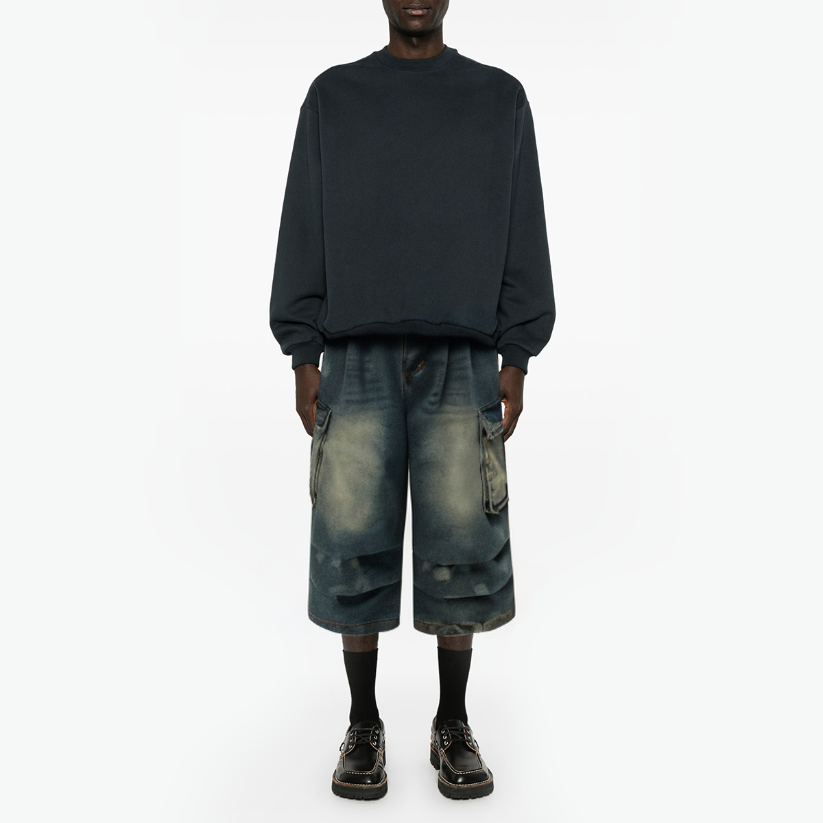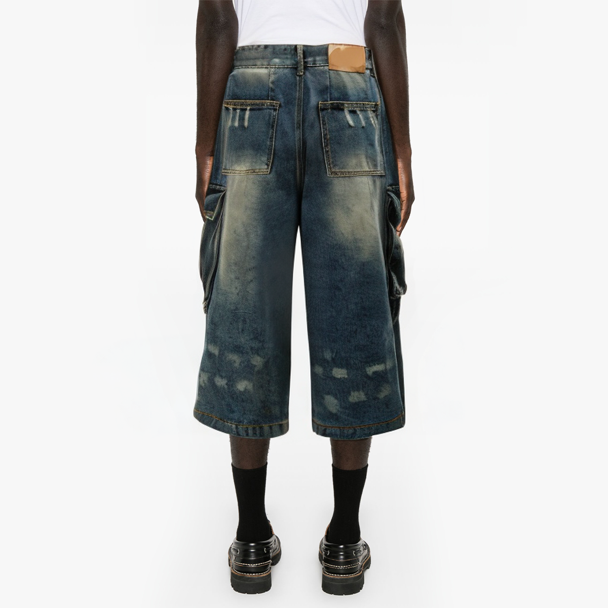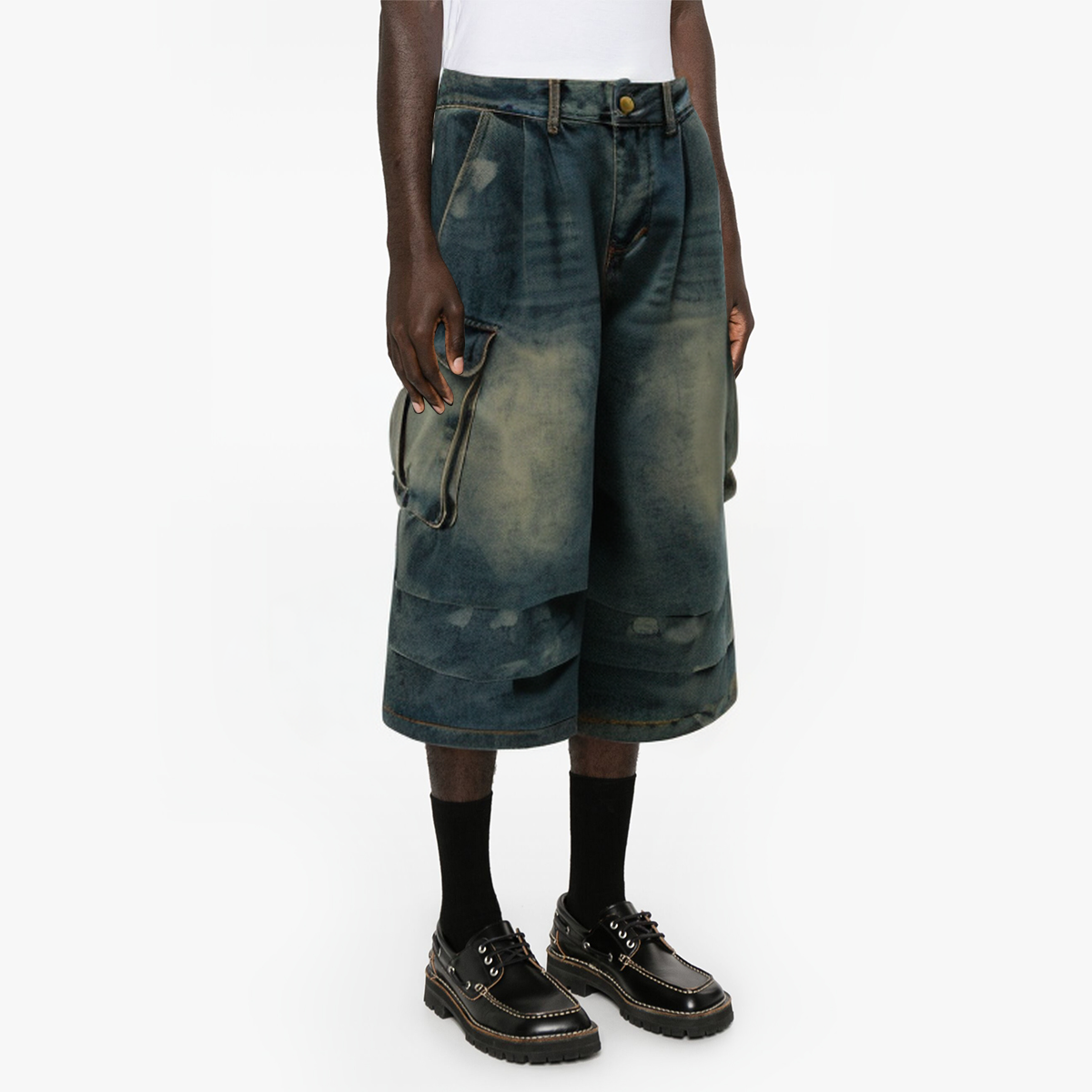 This pair of men’s denim shorts has a unique pleated design and washed treatment, showing the charm of combining fashion and retro. The large pockets on both sides not only enhance the practicality of the shorts, but also give it a tougher workwear style. Whether it is daily wear or outdoor activities, it can bring you comfort and fashion.
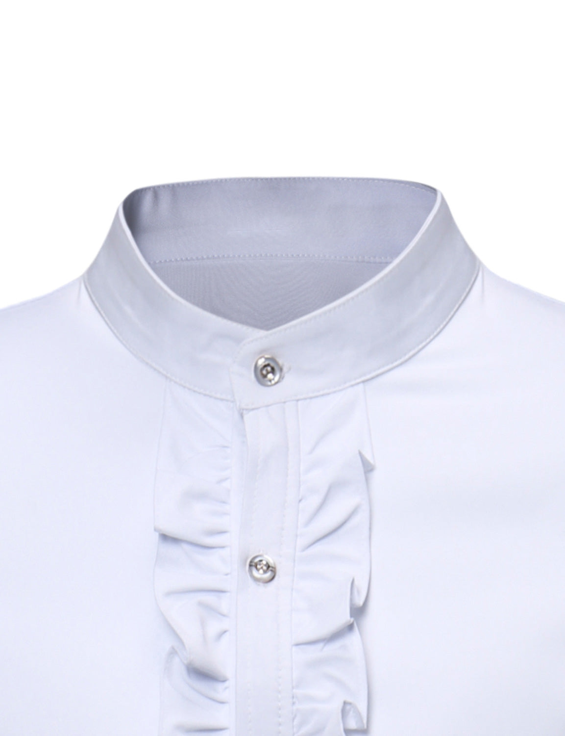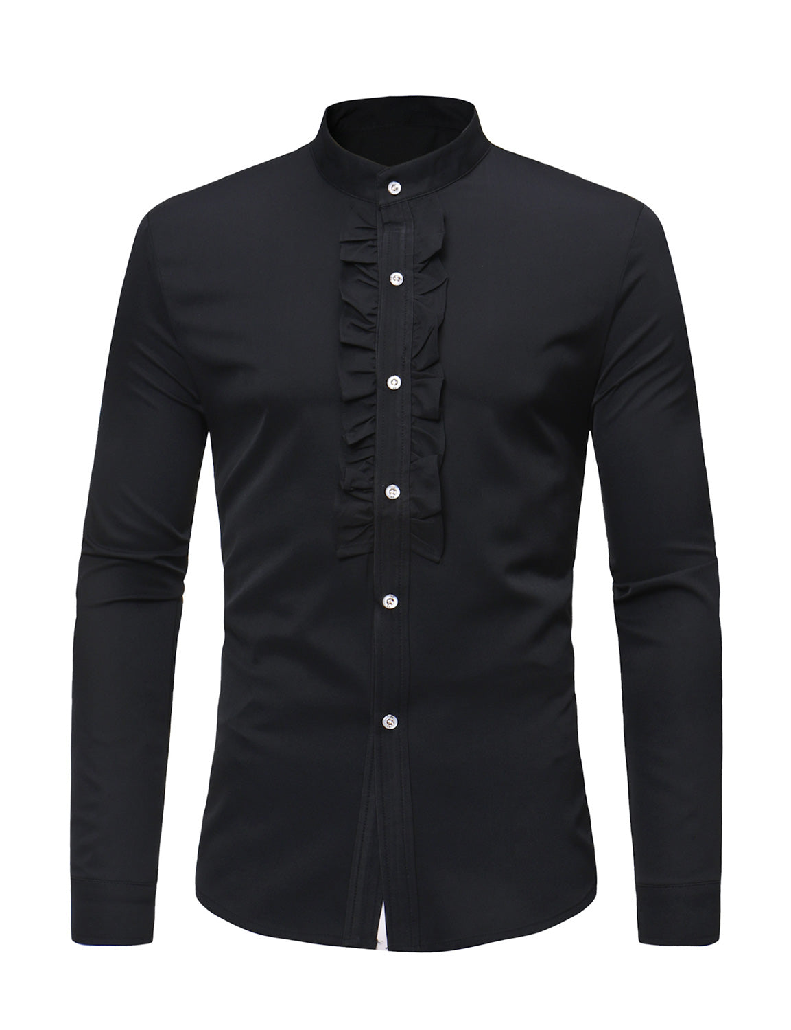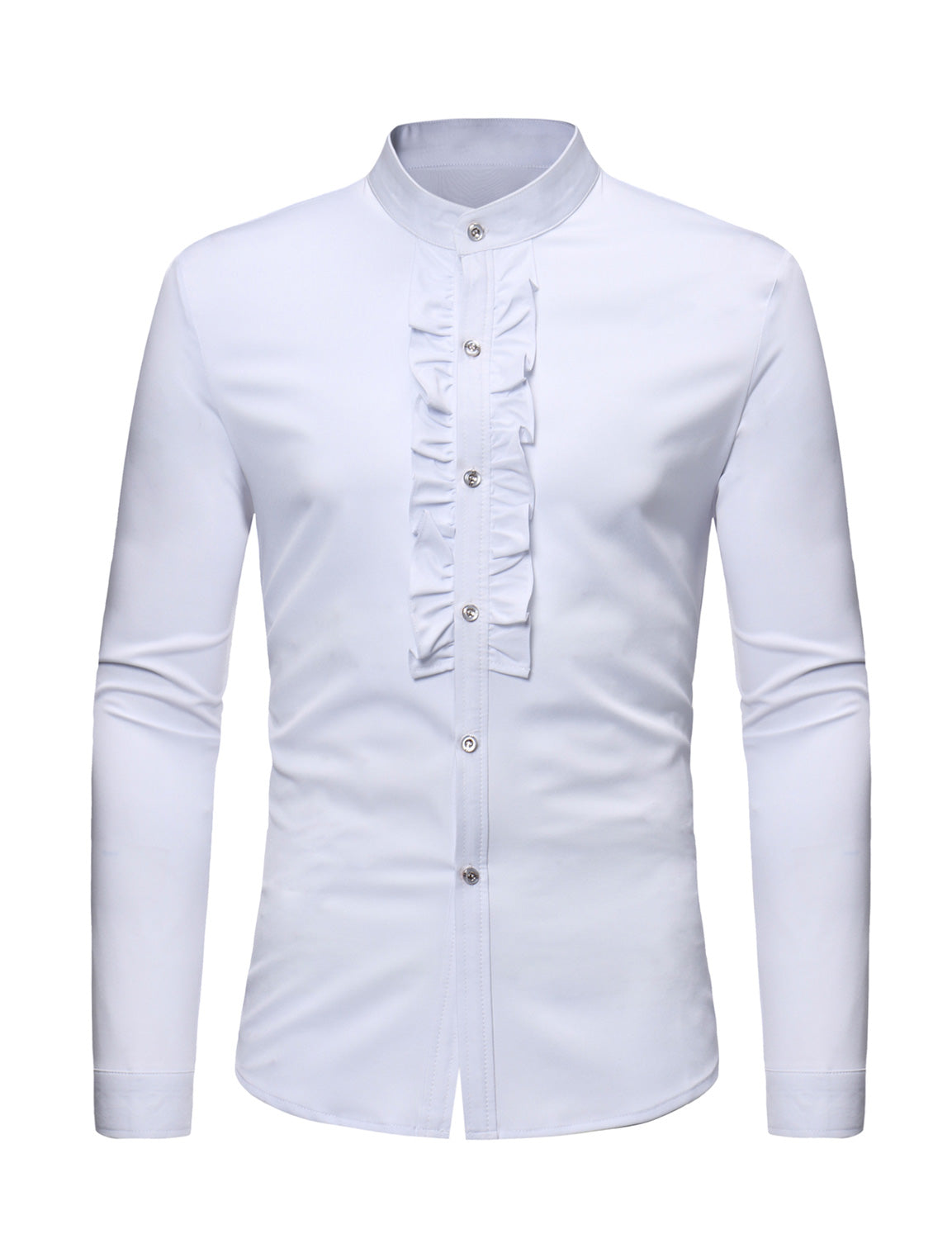Men's Stand Collar Lace Solid Color Long Sleeve Tuxedo Dress Shirt
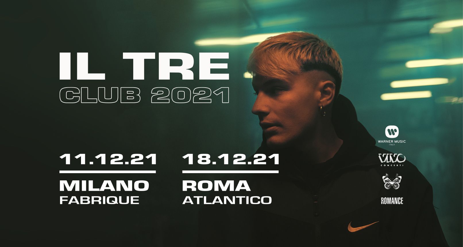 Dopo il successo di “Te lo Prometto”, certificato Platino per le vendite e tra i brani più popolari di Tik Tok, e dopo la pubblicazione di un nuovo singolo “Pioggia” subito nella top10 di Spotify e con un video in tendenza su YouTube, Il TRE fa un’altra sorpresa ai suoi fan annunciando due date del suo Tour Club 2021, prodotte e distribuite da Vivo Concerti.
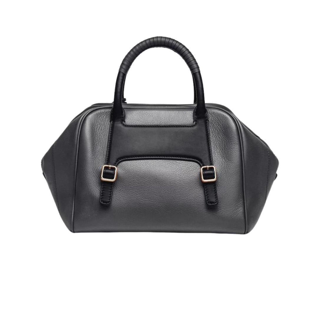 The exterior of the handbag is crafted from premium black leather, exuding luxury and refinement. The smooth texture of the leather lends a touch of opulence, while its durability ensures longevity, promising to withstand the test of time with grace. The sleek silhouette of the bag is accentuated by clean lines and minimalistic hardware, adding a touch of understated glamour.
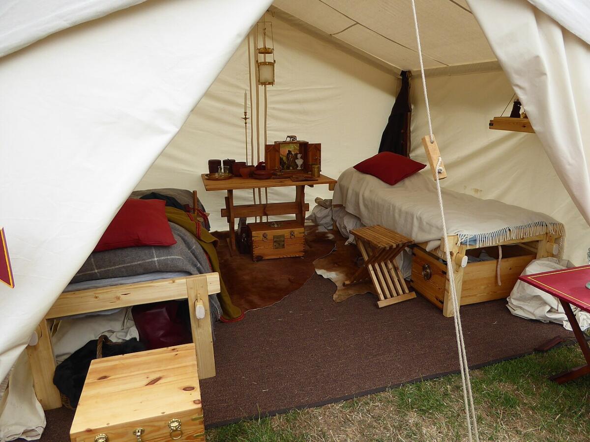 В походе жили в палатках, а в стационарном лагере для военнослужащих были казармы.
----------
- _ACTION ITEM_: Copy the material above word for word, images excluded.

- _TASK ANSWER_:
 This pair of men’s denim shorts has a unique pleated design and washed treatment, showing the charm of combining fashion and retro. The large pockets on both sides not only enhance the practicality of the shorts, but also give it a tougher workwear style. Whether it is daily wear or outdoor activities, it can bring you comfort and fashion.
Men's Stand Collar Lace Solid Color Long Sleeve Tuxedo Dress Shirt
 Dopo il successo di “Te lo Prometto”, certificato Platino per le vendite e tra i brani più popolari di Tik Tok, e dopo la pubblicazione di un nuovo singolo “Pioggia” subito nella top10 di Spotify e con un video in tendenza su YouTube, Il TRE fa un’altra sorpresa ai suoi fan annunciando due date del suo Tour Club 2021, prodotte e distribuite da Vivo Concerti.
 The exterior of the handbag is crafted from premium black leather, exuding luxury and refinement. The smooth texture of the leather lends a touch of opulence, while its durability ensures longevity, promising to withstand the test of time with grace. The sleek silhouette of the bag is accentuated by clean lines and minimalistic hardware, adding a touch of understated glamour.
 В походе жили в палатках, а в стационарном лагере для военнослужащих были казармы.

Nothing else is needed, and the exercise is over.